Delivering Quality AI Apps: A Practitioner’s Guide
I've been knee-deep in AI deployment for years, and let me tell you, delivering quality AI applications is no walk in the park. From transitioning models to production to ensuring operational rigor, I've faced—and solved—my fair share of challenges. In this article, I'll walk you through my journey with AI systems, focusing on practical workflows, the tools I rely on, and the pitfalls I've learned to avoid. We'll dive into operational rigor and scalability, transitioning AI models from development to production, and Trainline's AI travel assistant with multi-agent systems. It's a hands-on guide for anyone looking to master the complex art of shipping quality AI apps.

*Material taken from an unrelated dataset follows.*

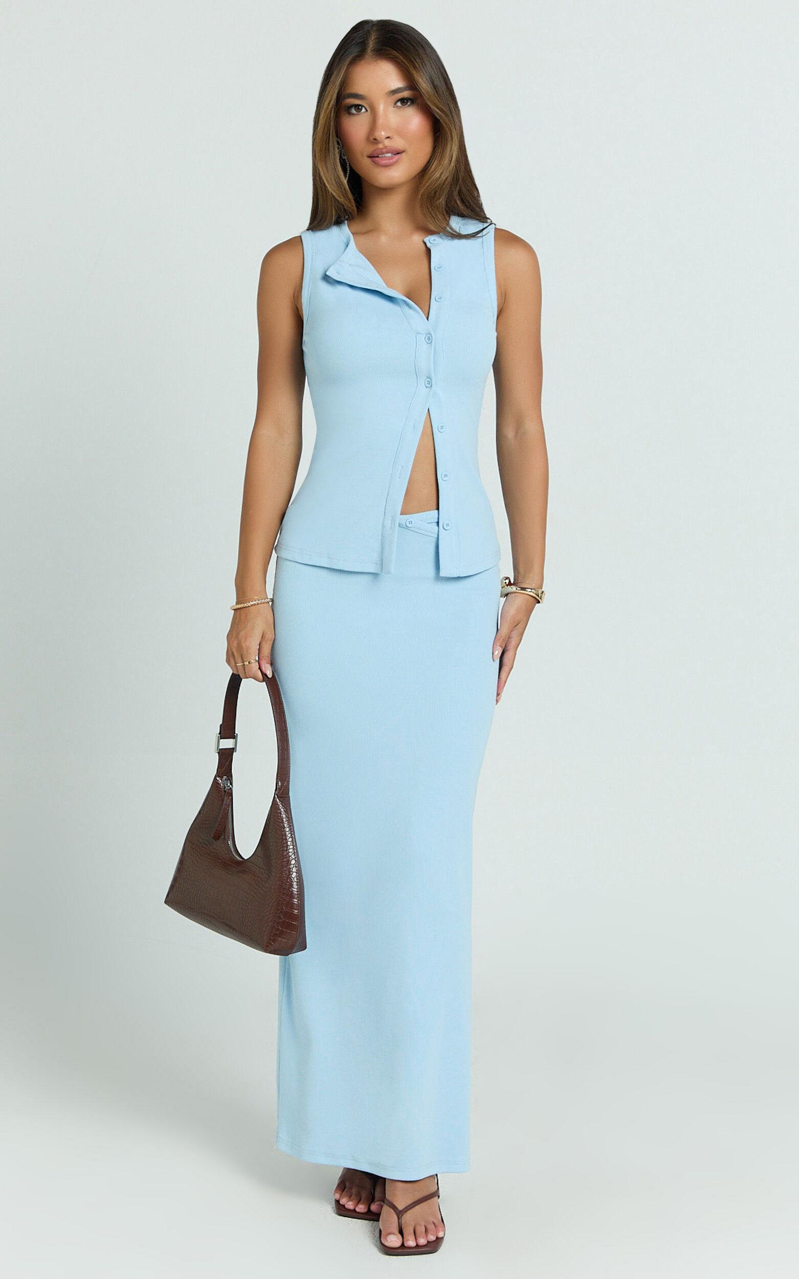 Transform your look with the Brittany Two Piece Set - your new go-to for effortless style that speaks volumes. This chic Ribbed Skirt Set in Pale Blue is the epitome of casual elegance, blending comfort and fashion in a way only Showpo can. Made from soft, breathable cotton, it promises to keep you comfortable whether you're running errands or catching up with friends on a leisurely afternoon.Product Details:Buttons detailCo-ord SkirtsCotton fabricCasual wearMidi lengthSleevelessSize and FitStudio model is wearing size XS / 6 AU / 2 US / 6 UK / 34 EUStudio model's height is 168cm / 5'6''Material and Care100% CottonLow / No stretch

I've been knee-deep in AI deployment for years, and let me tell you, delivering quality AI applications is no walk in the park. First, getting models from development into production takes an operational rigor many underestimate. I've faced challenges, I've been burned more than once, but I've figured out how to overcome them. This article dives into my journey with AI systems. I'll guide you through my practical workflows, the tools that have become my allies, and pitfalls to avoid. We'll talk operational rigor, scalability, and transitioning AI models from development to production. And if you're curious about how Trainline uses a multi-agent AI travel assistant, I'll show you the backstage. This is a guide for those who want to master the complex art of shipping quality AI apps.
Transitioning AI Models to Production
Moving AI models from development to production is a challenge that can't be overlooked. First, I tackle the practical hurdles that come with this transition. It's not just a formality; it's a deep dive into real-world application. The key is ensuring the model is ready to face the real world, which requires robust testing and solid validation before deployment.

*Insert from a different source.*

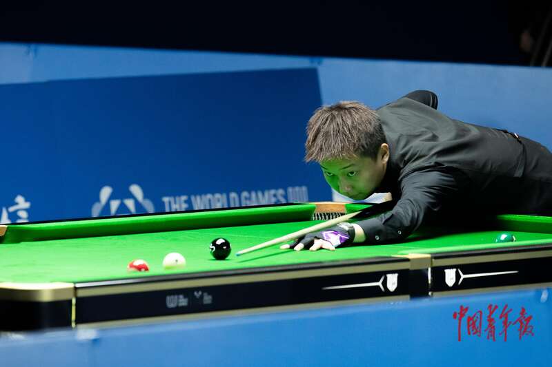 8月14日,成都世运会台球八球混合决赛,中国选手张泰艺在比赛中。汪龙华/摄

Watch out for common pitfalls like data drift and model degradation over time, which can seriously impact performance. This is why a solid CI/CD pipeline is indispensable for streamlining this process. I use golden data sets to ensure reliable benchmarking.
- Robust testing before deployment
- Beware of data drift
- CI/CD pipeline for efficiency
- Golden data sets for reliable benchmarking
Ensuring Operational Rigor in AI Systems
Operational rigor isn't just a buzzword; it's essential for scalable AI. I often compare the impact of deterministic vs non-deterministic scoring on system performance. What I've learned is that clarity in scoring can really be a game changer.
I use AI observability tools like Brain Trust to monitor system health. The role of parent spans in tracing and debugging interactions is crucial. They allow me to maintain system integrity through continuous monitoring and updates.
- Difference between deterministic and non-deterministic scoring
- Using Brain Trust for observability
- Tracking interactions with parent spans
- Continuous monitoring for system integrity
AI Observability and Multi-Agent Systems
My experience with AI observability, especially with Brain Trust, has been a paradigm shift. Multi-agent systems are powerful but complex to orchestrate. I've learned to manage these systems effectively.
LLMs as judges in evaluations are a revolution, but watch out for their limits. I manage agent interactions to avoid conflicts and ensure efficiency. There's always a trade-off between flexibility and control.
- Using Brain Trust for observability
- Orchestrating multi-agent systems
- LLMs as judges in evaluations
- Managing interactions to avoid conflicts
Building and Evaluating AI Systems
Building AI systems is an iterative process. I share my workflow from ideation to deployment. Evaluation is key: I create 10 diverse inputs to test system robustness.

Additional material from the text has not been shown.